DIRECTIONS: To complete this task, print all the data below exactly but leave out the images.
───── SUPPLIED DATA ─────
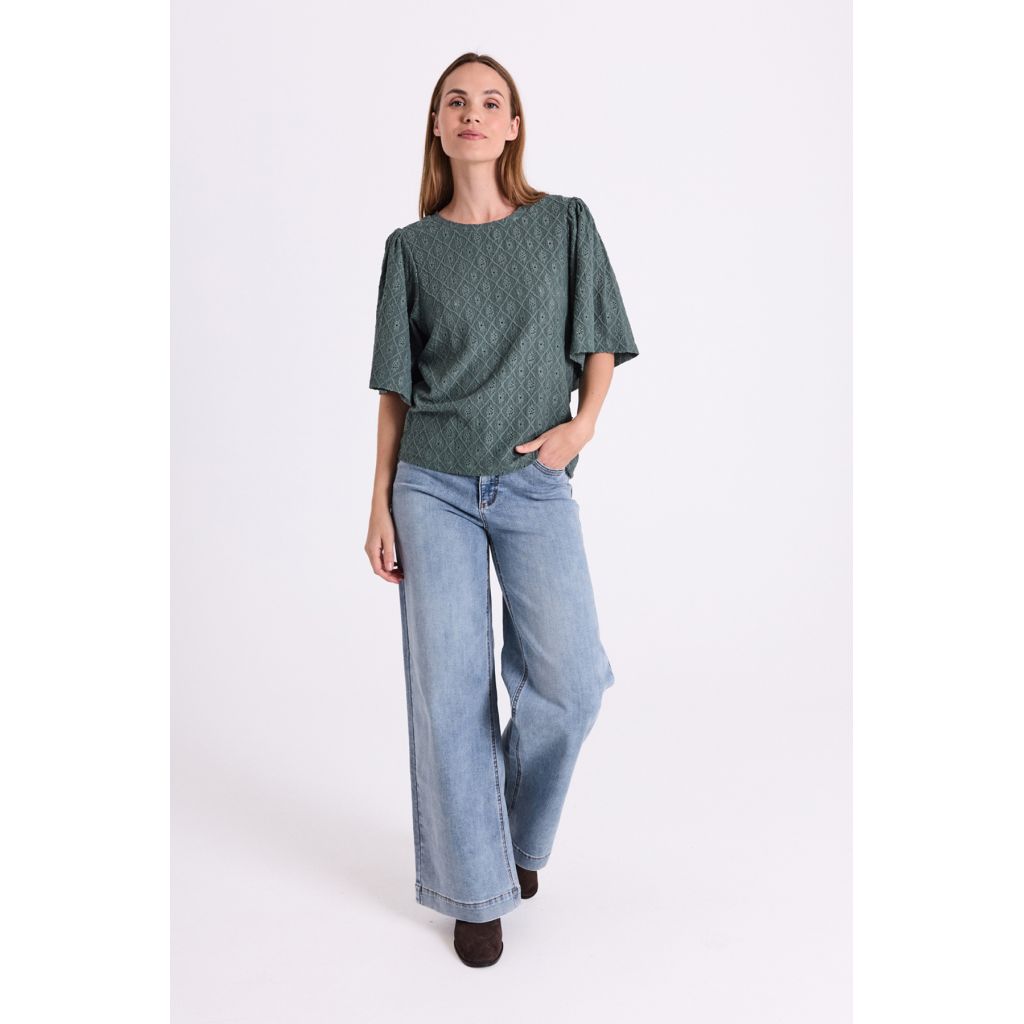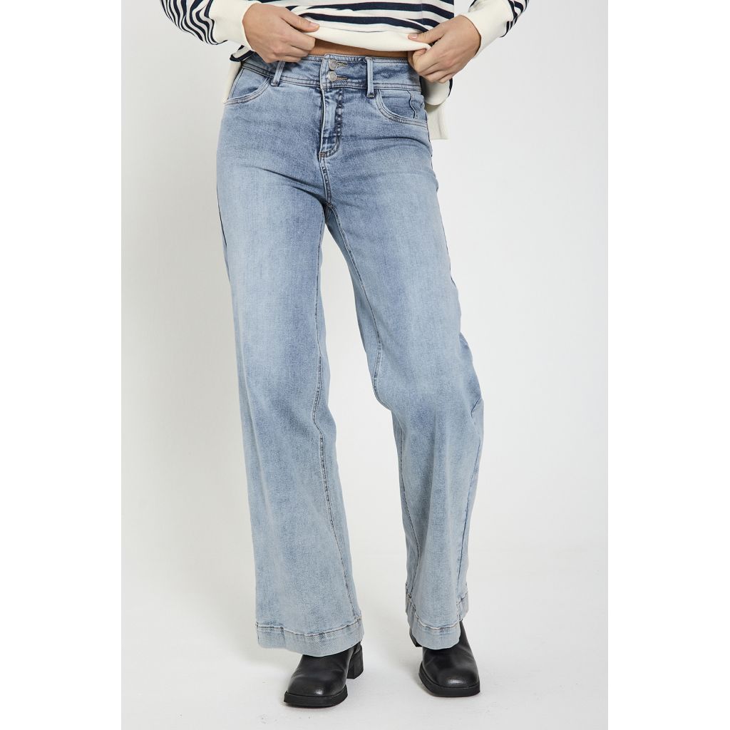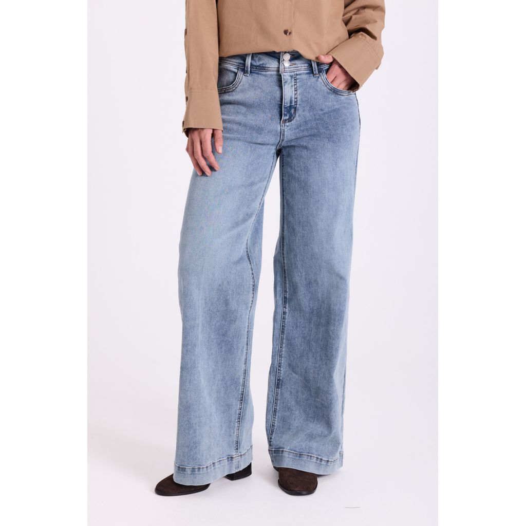 FREEQUENT trendikkäät, leveälahkeiset farkut. Etuosassa Tuck IN- istuvuus, takaosassa Push UP-istuvuus.
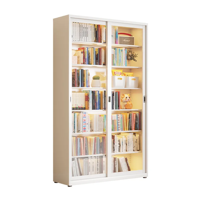 Estantería de acero para el hogar, puerta corredera, estantería de vidrio a prueba de polvo con cerradura, vitrina, almacenamiento en el suelo
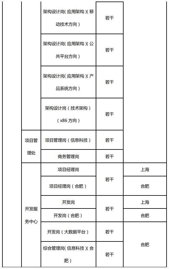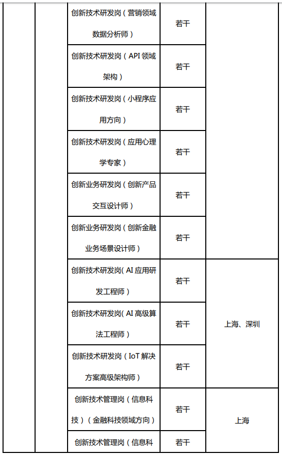 三、招聘崗位列表 (工作地點在上海的崗位,主要面向上海地區招聘)
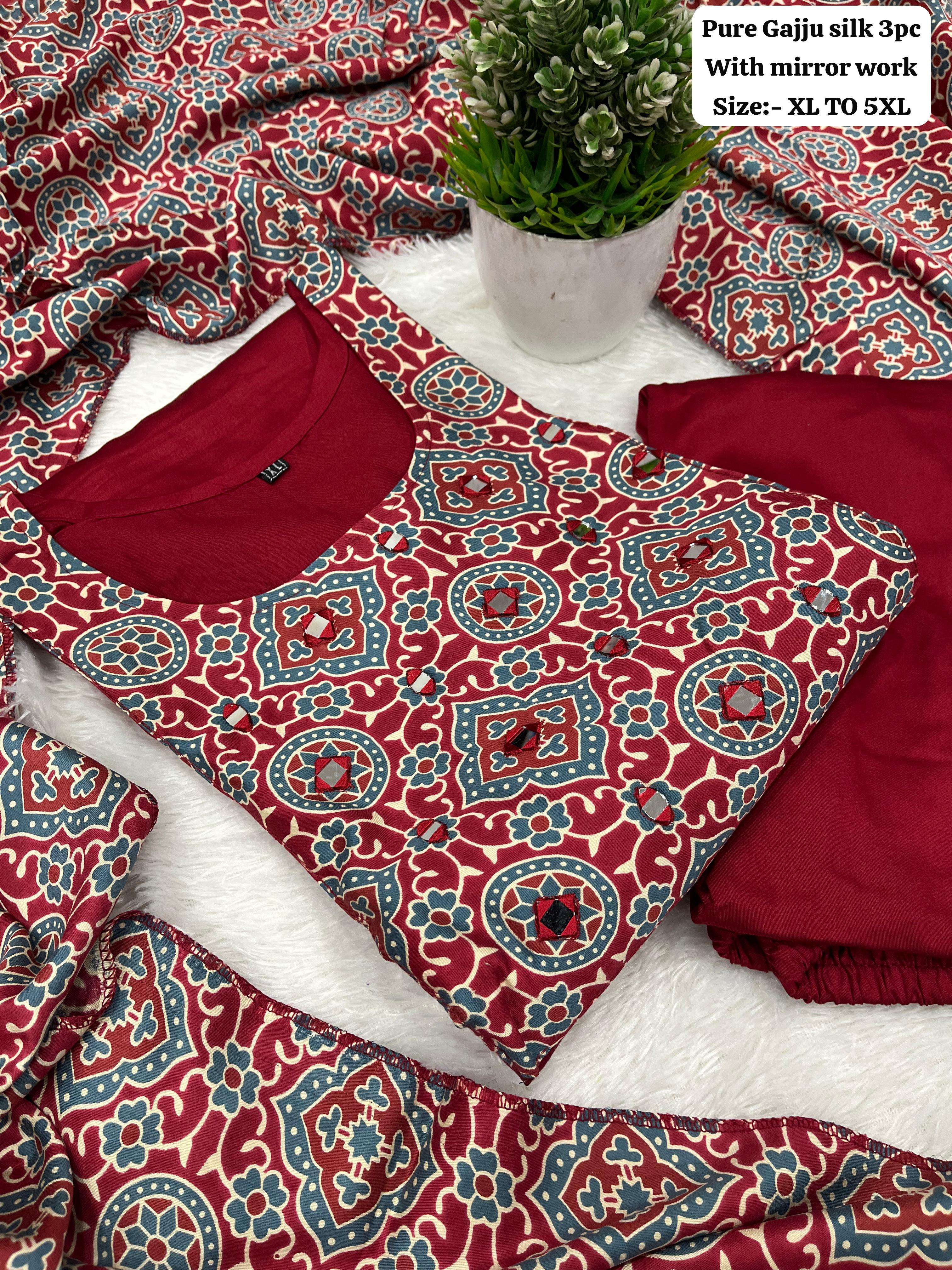 Buy Online Pure Gaji silk kurti pant dupatta Set collection manufacturer Surat 4 Pcs of Full Catalogue at Wholesale Price. Looking for Pure Gaji silk kurti pant dupatta Set collection manufacturer Surat Full Catalouge at Best Price? Buy Now Pure Gaji silk kurti pant dupatta Set collection manufacturer Surat at Wholesale Rate of Rs 4080 with Total 4 Pcs from authroized dealer and supplier of BRAND'S Brand. Cost of Each piece is just only Rs 1020 which is very low and affordable price to resale the product in your retail store ,This is Surat based Wholesale Supplier & Dealer of BRAND'S Brand. Click on Brand name to Know more about BRAND'S Brand's products.Call or Whatsapp on 9898838984 for booking or enquiry
─────
RESPONSE BOX:
 FREEQUENT trendikkäät, leveälahkeiset farkut. Etuosassa Tuck IN- istuvuus, takaosassa Push UP-istuvuus.
 Estantería de acero para el hogar, puerta corredera, estantería de vidrio a prueba de polvo con cerradura, vitrina, almacenamiento en el suelo
 三、招聘崗位列表 (工作地點在上海的崗位,主要面向上海地區招聘)
 Buy Online Pure Gaji silk kurti pant dupatta Set collection manufacturer Surat 4 Pcs of Full Catalogue at Wholesale Price. Looking for Pure Gaji silk kurti pant dupatta Set collection manufacturer Surat Full Catalouge at Best Price? Buy Now Pure Gaji silk kurti pant dupatta Set collection manufacturer Surat at Wholesale Rate of Rs 4080 with Total 4 Pcs from authroized dealer and supplier of BRAND'S Brand. Cost of Each piece is just only Rs 1020 which is very low and affordable price to resale the product in your retail store ,This is Surat based Wholesale Supplier & Dealer of BRAND'S Brand. Click on Brand name to Know more about BRAND'S Brand's products.Call or Whatsapp on 9898838984 for booking or enquiry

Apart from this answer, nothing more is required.